DATA PROVIDED:
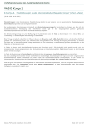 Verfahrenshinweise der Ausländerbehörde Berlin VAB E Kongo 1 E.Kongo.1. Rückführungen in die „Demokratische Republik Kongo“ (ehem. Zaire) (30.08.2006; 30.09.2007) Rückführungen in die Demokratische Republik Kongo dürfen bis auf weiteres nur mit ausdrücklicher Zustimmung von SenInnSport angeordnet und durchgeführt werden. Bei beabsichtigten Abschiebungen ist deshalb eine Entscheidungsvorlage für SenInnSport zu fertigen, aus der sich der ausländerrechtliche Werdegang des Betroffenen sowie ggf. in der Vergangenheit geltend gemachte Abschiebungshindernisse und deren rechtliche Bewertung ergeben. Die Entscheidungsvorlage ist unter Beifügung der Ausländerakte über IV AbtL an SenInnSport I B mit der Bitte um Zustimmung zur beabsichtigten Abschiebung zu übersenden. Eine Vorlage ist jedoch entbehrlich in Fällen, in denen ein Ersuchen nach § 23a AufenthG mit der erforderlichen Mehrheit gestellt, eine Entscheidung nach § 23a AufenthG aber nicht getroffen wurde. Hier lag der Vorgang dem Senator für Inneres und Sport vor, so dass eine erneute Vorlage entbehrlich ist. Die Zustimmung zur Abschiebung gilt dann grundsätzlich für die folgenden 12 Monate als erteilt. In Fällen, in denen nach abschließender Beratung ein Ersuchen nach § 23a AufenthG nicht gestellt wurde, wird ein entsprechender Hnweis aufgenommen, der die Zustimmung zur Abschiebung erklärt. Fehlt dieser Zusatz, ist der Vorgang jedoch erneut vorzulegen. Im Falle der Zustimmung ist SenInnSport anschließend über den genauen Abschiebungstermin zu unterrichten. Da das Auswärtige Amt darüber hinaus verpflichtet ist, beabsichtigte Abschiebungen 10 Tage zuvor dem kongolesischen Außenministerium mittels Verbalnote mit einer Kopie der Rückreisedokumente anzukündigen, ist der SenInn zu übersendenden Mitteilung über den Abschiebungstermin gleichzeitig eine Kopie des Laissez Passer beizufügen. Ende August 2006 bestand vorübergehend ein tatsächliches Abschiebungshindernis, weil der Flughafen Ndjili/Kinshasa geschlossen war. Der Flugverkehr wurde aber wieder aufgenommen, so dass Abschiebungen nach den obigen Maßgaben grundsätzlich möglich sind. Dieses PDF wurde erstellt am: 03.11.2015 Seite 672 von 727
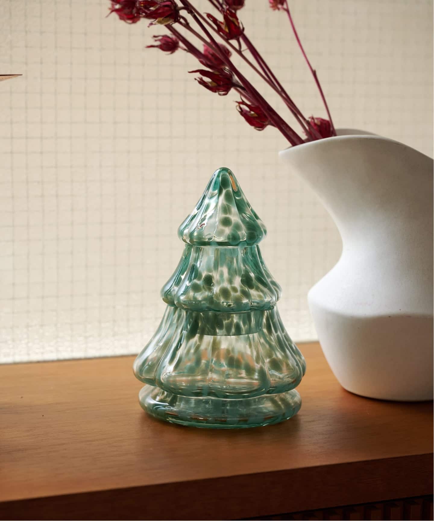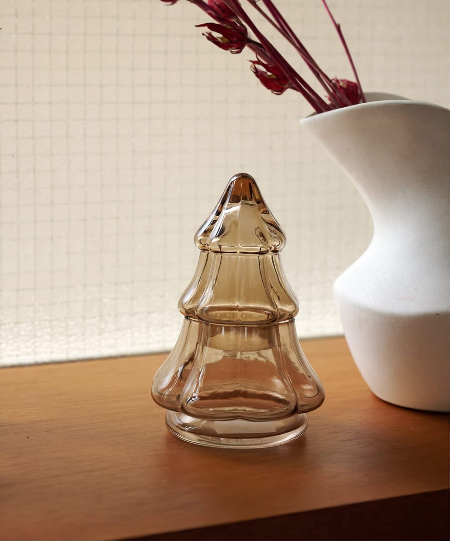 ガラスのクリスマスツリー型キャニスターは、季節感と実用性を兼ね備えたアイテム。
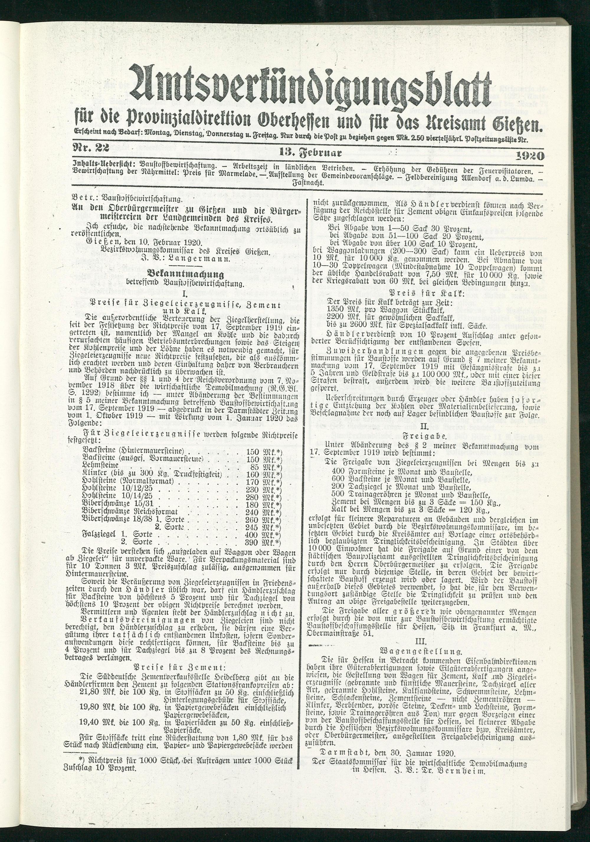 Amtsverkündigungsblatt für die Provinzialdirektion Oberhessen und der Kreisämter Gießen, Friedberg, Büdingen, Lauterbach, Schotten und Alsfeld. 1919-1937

WHAT YOU ARE ASKED TO DO: With the pictures left out, output exactly the lines that begin at the line containing "ガラスのクリスマスツリー型キャニスターは、季節感と実用性を兼ね備えたアイテム。" and end at the last line of the material.

FINISHED EXERCISE:
 ガラスのクリスマスツリー型キャニスターは、季節感と実用性を兼ね備えたアイテム。
 Amtsverkündigungsblatt für die Provinzialdirektion Oberhessen und der Kreisämter Gießen, Friedberg, Büdingen, Lauterbach, Schotten und Alsfeld. 1919-1937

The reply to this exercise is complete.